*** DATA SHOWN ***
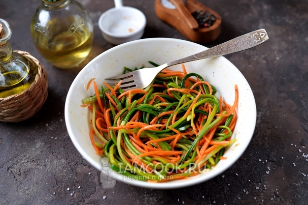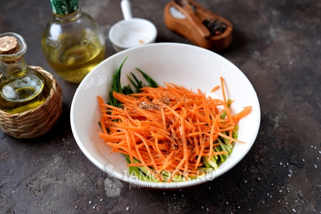 Откиньте черемшу на дуршлаг, при необходимости можно даже слегка отжать лишнюю воду. Положите к ней натертую соломкой морковь. Всыпьте приправу для корейской моркови, добавьте соль и перец по вкусу, при желании можно всыпать сахар.
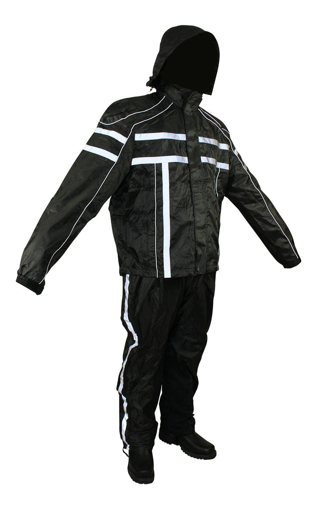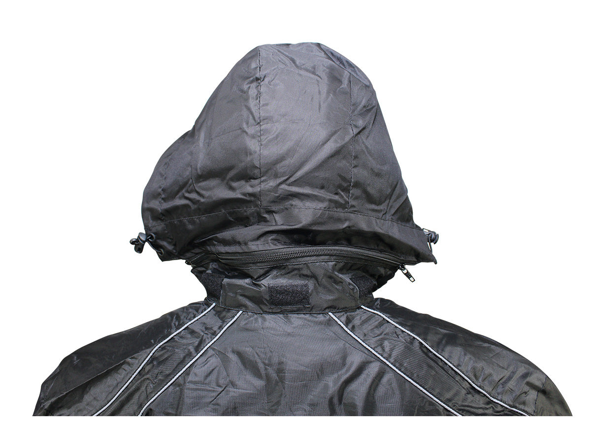 Rainy days are among us and it's always best to be prepared. Introducing our all new beautiful textile rain suit in a black and orange colorway. The set features both a jacket as well as pants to match. To start off, the jacket allows you to remove the hood. Once the front zipper is closed, a protective velcro layer is placed over it for additional closure. Two pockets are on the waist area, both of which are rainproof. The pants feature velcro starting right underneath the waist and goes all the way down to your ankles with a zipper placed under. This allows you to loosen your pants before taking them off completely. Do not miss your chance, go get yourself a pair of this amazing set and you will not be disappointed.
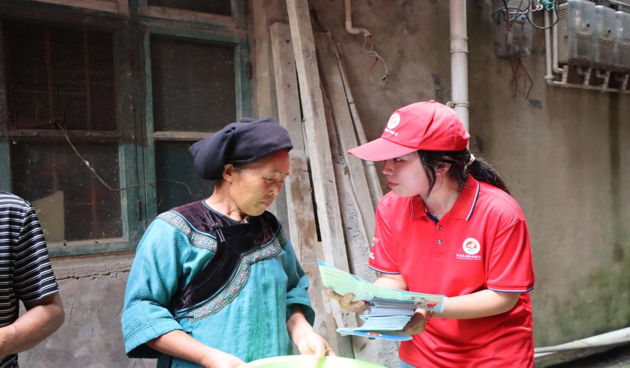 图为志愿者跟当地村民分发宣传单认真讲解
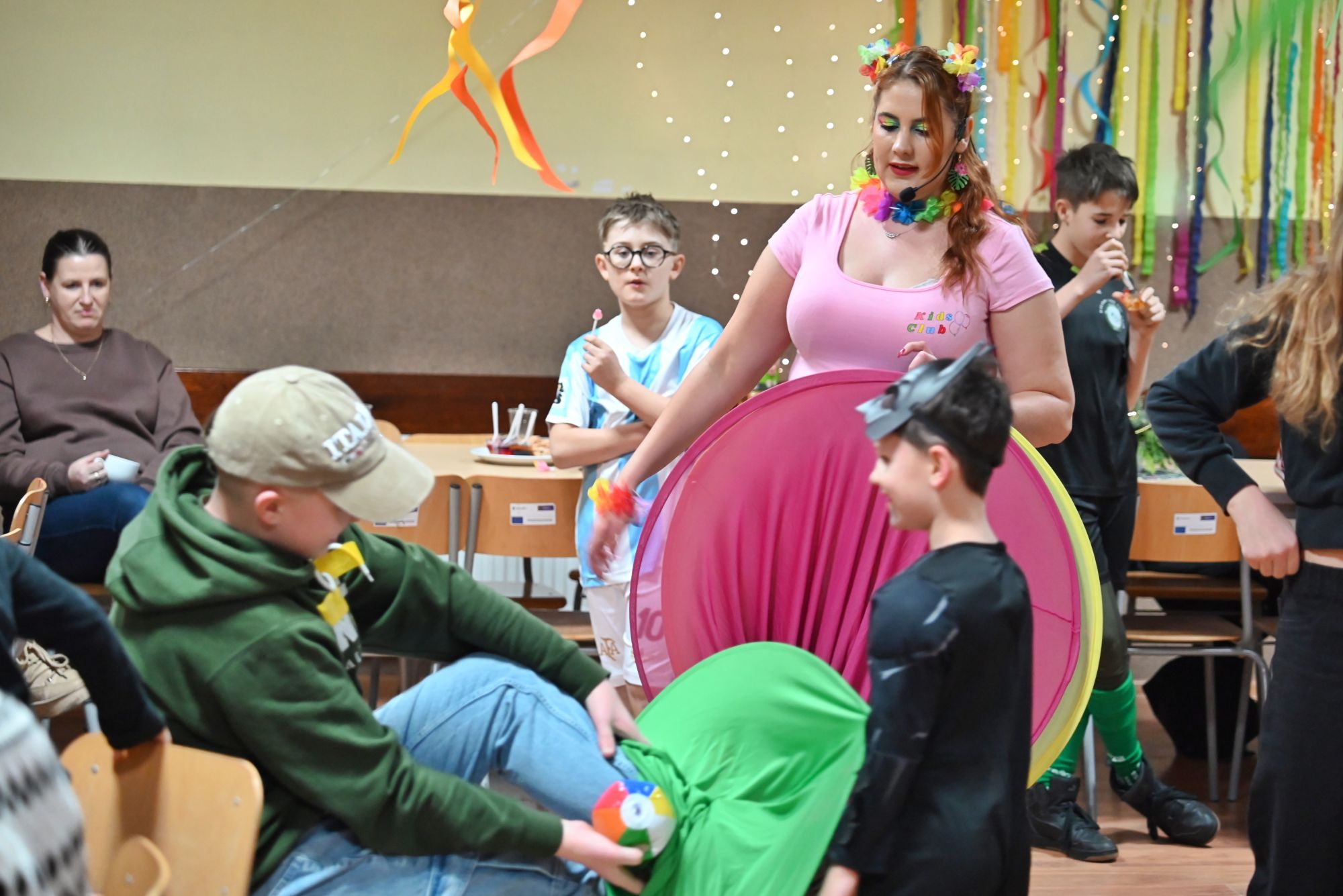 Na dzieci czekało mnóstwo atrakcji – gry, zabawy ruchowe oraz tańce, które z ogromnym zaangażowaniem prowadzili animatorzy z Kids Club. Ich energia i pomysłowość sprawiły, że młodzi goście chętnie brali udział w kolejnych zabawach, a uśmiechy nie schodziły im z twarzy.
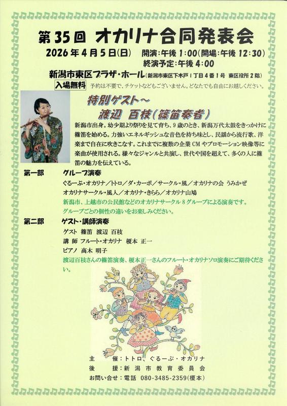 第35回 オカリナ合同発表会2026.4/5(日)ゲスト 篠笛渡辺百枝会場:東区プラザホール 中央区以外, 無料 permalink こんな演奏会も。(終了したものもあります)関連したものがみつかりませんでした
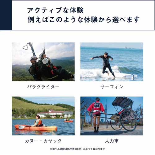旅行と一緒に、観光や体験も楽しんでほしい。そんな想いを込めるなら、日帰り温泉や食体験、アクティビティが選べる体験型ギフトがおすすめです。体を癒すだけでなく、新しい思い出もつくってもらえる、ワクワクが詰まったプレゼントです。
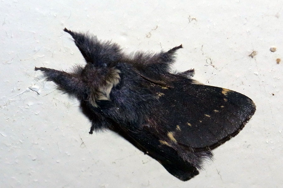 明日は地元の消防出初め式、準備が終わった夕方、久しぶりに愛犬ハルと、裏山墓地に散歩に行った。裏山墓地に行ったなら、寄らずにおれない公衆便所。やはりここは期待を裏切らない。暮れに出会った2種の他に、ご覧の2種の蛾がいた。
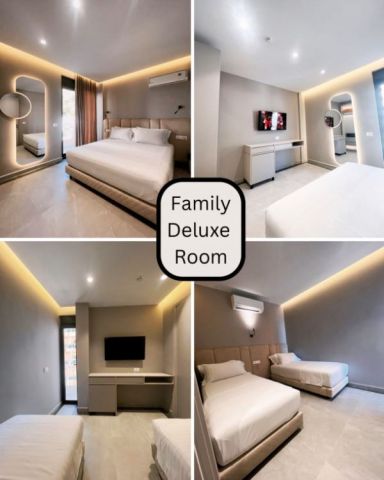 Фамилните стаи тип де лукс разполагат с две отделни едно от друго помещения. По-голямото помещение разполага с двойно легло, а по-малкото помещение разполага с две отделни стандартни легла. Деца се настаняват във фамилните стаи и ползват намаление ако са на възраст до 09.99 год. При настаняване във фамилни стаи НЕ е валидна отстъпка за трети възрастен!
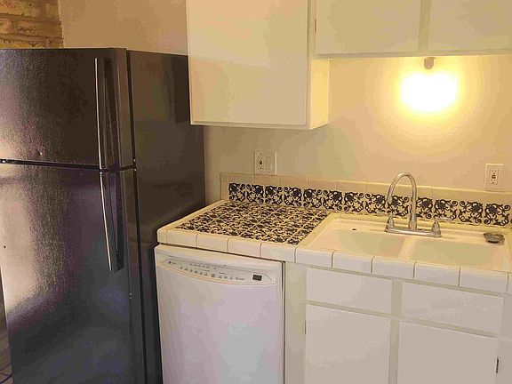 Apartment has a dishwasher, electric stove and a medium sized fridge. There is a small backyard that can be accessed via a sliding door in the large bedroom. Central AC and heat. Tiled throughout. Complex has a pool, laundry and parking lot. Very close to restaurants and shops on Campbell and Fort Lowell. Owner: Pays for water and garbage. Tenant: Pays for electric, gas and internet.
*** End of DATA SHOWN ***
### WORK REQUIRED
Restate, word for word, each line from the one with "Фамилните стаи тип" to the end of the entries, both included, and keep every picture out.

### SOLUTION TO THE PROBLEM
 Фамилните стаи тип де лукс разполагат с две отделни едно от друго помещения. По-голямото помещение разполага с двойно легло, а по-малкото помещение разполага с две отделни стандартни легла. Деца се настаняват във фамилните стаи и ползват намаление ако са на възраст до 09.99 год. При настаняване във фамилни стаи НЕ е валидна отстъпка за трети възрастен!
 Apartment has a dishwasher, electric stove and a medium sized fridge. There is a small backyard that can be accessed via a sliding door in the large bedroom. Central AC and heat. Tiled throughout. Complex has a pool, laundry and parking lot. Very close to restaurants and shops on Campbell and Fort Lowell. Owner: Pays for water and garbage. Tenant: Pays for electric, gas and internet.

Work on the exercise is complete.